Catur
Disclaimer: All Marvel's.
Summary: Ketika pertama kali Charles bertanya apakah Erik mau bermain catur dengannya, Erik seharusnya berkata tidak. (Atau: Lima kali Charles menang bermain catur melawan Erik dan satu kali mereka remis.)
Warning: Penyalahgunaan kekuatan telepati dan magnetisme, penyalahgunaan ilmu Taksonomi, Matematika, bahasa Jerman, dan plot komik X-men. Pembicaraan yang agak rancu. Kata-kata yang tidak menyenangkan dan repetisi berulang (nah loh...). Referensi gak jelas. Crossover antara komik X-men dan film layar lebarnya... walau ga bisa disebut crossover juga, berhubung sama-sama X-men...? Karakter terlalu OOC.
Satu
Erik Lehnsherr seharusnya merasa marah pada saat itu. Ia seharusnya merasa marah karena orang ini tiba-tiba datang dan menariknya keluar dari air. Ia seharusnya merasa marah karena ia begitu dekat dalam pengejarannya. Tinggal sedikit lagi, kapal selam yang ditumpangi Shaw bisa ia seret mendekat. Tinggal sedikit lagi dan orang ini tiba-tiba datang dan mengacaukan semuanya.
(Namun, dalam hatinya ia tahu: memangnya kalau ia sudah bisa membawa kapal selam Shaw mendekat, lalu apa yang bisa ia lakukan? Ia pasti sudah kehabisan napas dan kalaupun masih ada udara tersisa di kedua parunya, kekuatan dan konsentrasinya pasti sudah habis dipakai untuk menarik kapal selam itu mendekat. Tanpa kekuatannya, ia bukanlah tandingan bagi White Queen-bagaimana mungkin ia mau berhadapan dengan Shaw?)
Charles menyodorkan mug berisi minuman hangat padanya. Ia terlihat begitu berantakan. Rambutnya basah dan menempel di wajahnya. Bajunya yang terlihat mahal juga basah kuyup dan berbau seperti ikan mati. Jika Charles Xavier saja terlihat seperti kucing jalanan yang disiram air, Erik tidak ingin tahu seperti apa tampangnya saat ini.

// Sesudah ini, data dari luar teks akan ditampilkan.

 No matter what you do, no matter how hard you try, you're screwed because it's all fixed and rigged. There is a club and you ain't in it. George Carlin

Erik menerima mugnya tanpa berkata apa-apa. Ia tidak mempercayai giginya yang bergemeletuk untuk bisa mengatakan sesuatu yang jelas. Kedua tangannya menimang mug yang menjalarkan panas ke tubuhnya. Erik tidak melakukan apa-apa ketika Charles menyelimutinya dengan handuk besar dan menggirirngnya masuk dalam mobil hitam yang terparkir di dermaga.
Penculikan, pikir Erik. Ia mendesah pelan ketika udara hangat dari air conditioner menghangatkan bajunya yang basah kuyup.

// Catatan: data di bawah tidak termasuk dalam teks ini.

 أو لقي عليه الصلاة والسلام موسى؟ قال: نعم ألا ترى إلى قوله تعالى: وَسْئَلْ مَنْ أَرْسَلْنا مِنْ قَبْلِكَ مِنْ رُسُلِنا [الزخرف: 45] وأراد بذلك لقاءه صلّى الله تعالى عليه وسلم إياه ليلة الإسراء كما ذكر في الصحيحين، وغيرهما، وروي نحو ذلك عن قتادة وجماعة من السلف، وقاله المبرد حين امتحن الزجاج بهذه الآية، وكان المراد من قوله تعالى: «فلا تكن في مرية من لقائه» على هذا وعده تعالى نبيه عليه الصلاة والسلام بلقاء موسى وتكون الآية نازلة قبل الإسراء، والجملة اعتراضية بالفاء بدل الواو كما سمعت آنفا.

Charles yang duduk di sebelahnya tertawa, "Bukannya kau sudah terlalu tua untuk diculik?"
Erik tertegun. Bagaimana mungkin Charles bisa-Oh, telepath, pikirnya. Apakah tidak ada yang mengajarinya bahwa mengintip pikiran orang itu tidak sopan?
"Maaf, kekuatanku bukanlah sesuatu yang punya tombol hidup atau mati. Apalagi ketika aku kelelahan seperti ini, pikiran orang lain entah mengapa bisa dengan mudahnya menyusup dalam pikiranku. Terutama kalau diteriakkan seperti yang kau lakukan barusan."
Erik mendengus.
"Terserah kau mau percaya atau tidak. Oh, ya, kau bisa main catur?"
Erik mengerutkan dahi. Pertanyaan non sequitur macam apa ini? Apakah ini pertanyaan jebakan? Apakah sebenarnya sampai sejauh ini Charles sedang mengukur apakah Erik berbahaya atau tidak? Apakah sampai sejauh ini Charles berpikir bahwa ia tidak berbahaya, tetapi apabila ia menjawab bahwa ia bisa bermain catur, ia akan dianggap sebagai ahli strategi dan kemudian dianggap berbahaya? Apa yang akan Charles lakukan pada orang yang ia anggap berbahaya? Mengetahui kekuatannya, ia akan menghapus ingatan Erik dengan mudah. Akan tetapi, Charles adalah seorang telepath, ia akan tahu jika Erik berbohong. Mungkin sebenarnya ini adalah tes kejujuran dan bila ia menjawab dengan tidak jujur maka ia akan dianggap berbahaya? Atau mungkin ini memang pertanyaan non sequitur dan Charles memang benar-benar ingin tahu apakah Erik bisa main catur atau tidak? Tidak mungkin. Charles adalah telepath. Tidak ada telepath yang tidak punya maksud tersembunyi.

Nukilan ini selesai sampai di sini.